Frequently Asked Questions


1. How do I get GALE data?


There are two types of GALE data: corpora created specifically for the program, and previously-released corpora that have been designated as GALE-relevant. New and planned GALE releases (kickoff and quarterly) are described on the GALE data matrix.  Authorized GALE sites will automatically receive copies of these releases once their appointed data contact person has signed the GALE user agreement and provided contact information.  Previously-released corpora that have been designated as GALE-relevant are described on the GALE catalog query page.  Authorized GALE sites should follow instructions on that page for requesting corpora.

2. How will data be distributed?

GALE kickoff and quarterly releases will be distributed in one of two formats.  Text and annotations will be distributed via web download.  On the release date, each site's data contact person will receive an email containing a URL where each corpus can be downloaded. Audio will be released on media.  On the release date, LDC will prepare a shipment containing CDs, DVDs and/or hard drives, depending on the size of the corpus.  Packages will be shipped via DHL or FedEx.  All authorized GALE sites will receive text and annotation corpora. Given the high cost of creating and shipping hard drives, audio data will not be distributed to sites who are not participating in GALE evaluations.

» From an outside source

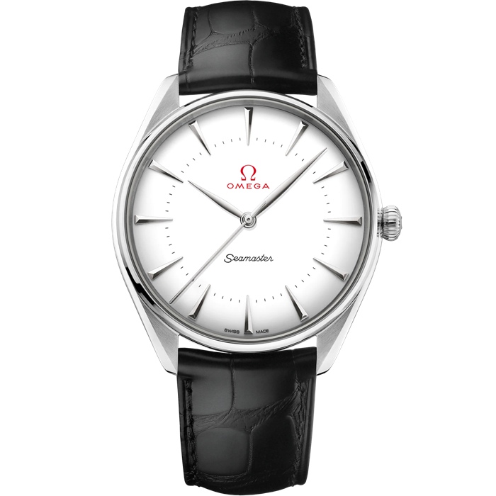 Este modelo de 39,5mm apresenta uma caixa em Canopus Gold™ de 18K e uma bracelete em pele preta. O mostrador abaulado é em esmalte branco casca de ovo claro, com um inconfundível logótipo OMEGA vintage, trajeto dos minutos e a palavra “Seamaster” também em esmalte. Os ponteiros estilo “folha” e os índices aplicados são em ouro branco de 18K.

3. How do I know what data will be released in each quarter?

The GALE data matrix reflects LDC's current plan for data to be distributed each quarter.  The matrix is updated on a regular basis to reflect changes to the plan.  As details of each release are finalized that information is also added to the matrix, and can be viewed by clicking on the name of the release under the Deliveries column.  (For instance, see details about the Kickoff1 Release).

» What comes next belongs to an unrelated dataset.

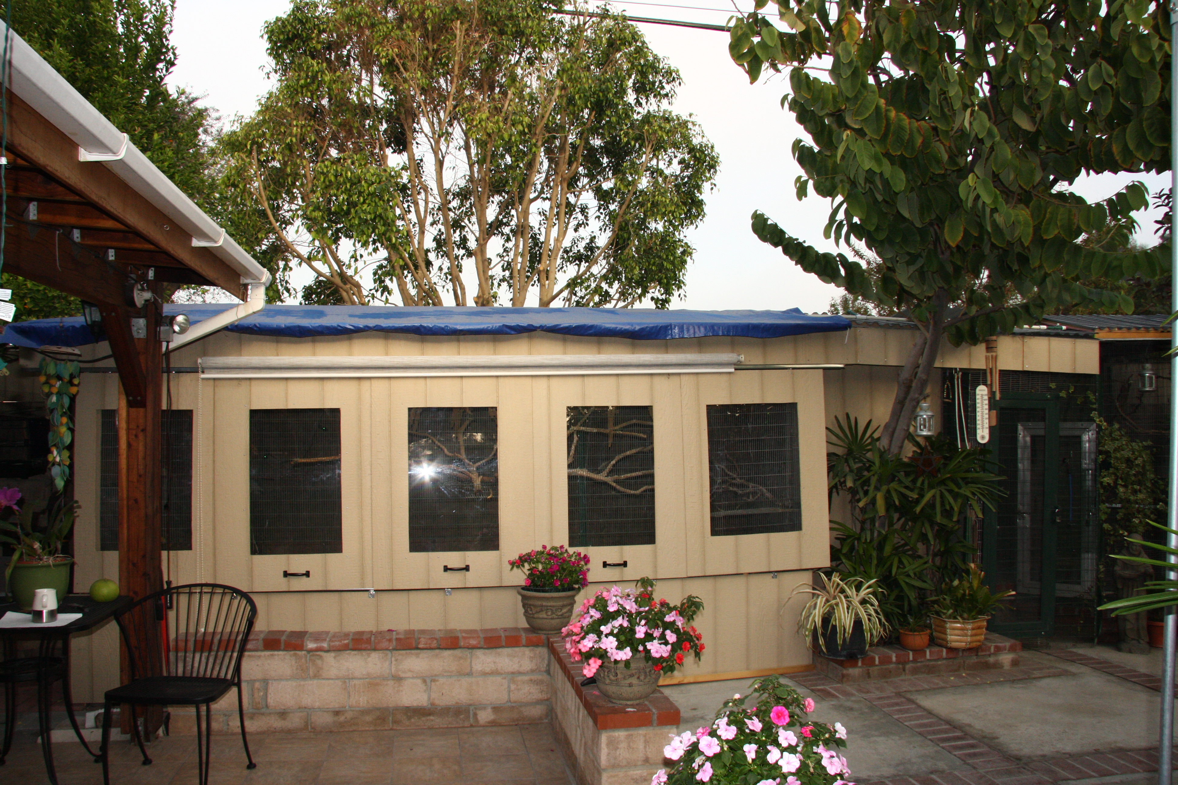 My original setyup was at the middle of the backyard to show off my birds. It wasn’t bad but I noticed that they are not producing as much I thought they would. All sides are open where fresh air passes thru the cage until an elderly breeder gave me a tip that I should have at least one or two sides of the aviary is protected from an element “wind, rain, cats, squirrel, etc. So I took his advice and now my new aviary location is built with the backside of our concrete wall fence and also had to face the morning sunrise which the birds will gather every morning. I built the front 5 window panels and cut out for flexi-glass for the sun to get through in the morning. All the window panels is designed to slide in and out for easy removal and back again when we have heavy rain and cold winter nights. It only takes less than 5 minutes to remove all the panels and put it back in.

4. My site has annotated some LDC data and I want to share it with other sites on my team.  How can I do that?

GALE researchers can redistribute annotations in stand-off form without involving LDC in any way.  We understand that UIMA annotations are stand-off in nature, that UIMA is the basis for integration of sites' technology into the common platform, and that integration is supposed to happen as the technology is developed; so this ought to mean there are no impediments to sharing annotations within teams.

However we do recognize that some legacy annotations may exist as inline rather than standoff form.  Redistribution of copyrighted data across sites is prohibited by GALE user agreements and by LDC's agreements with our data providers.

To make it easier for sites to share this kind of data among their team members we are creating a "transshipment point" at LDC.  We have set up a local LDC machine to act as an scp server.  When a GALE participant wants to distribute something to other sites on the team, (s)he can upload the file(s) and inform other participants, including responsible LDC parties, about what has been deposited and why.  The other parties then can download the deposit if they want to.

Each site will receive a user account per Resource Distribution Task Specification. These accounts will allow password-less sftp or winscp access. Each account will be a member of one of three user groups (corresponding to the three teams). Each file deposited by a site will inherit group permissions for that site. Sites will have read/write access to the data deposited by other members of their group. Sites will not have read or write access to data deposited/owned by groups other than their own.

We will make a general announcement to the GALE Data Announcement List when this service is up and running (ETA: early December 2005).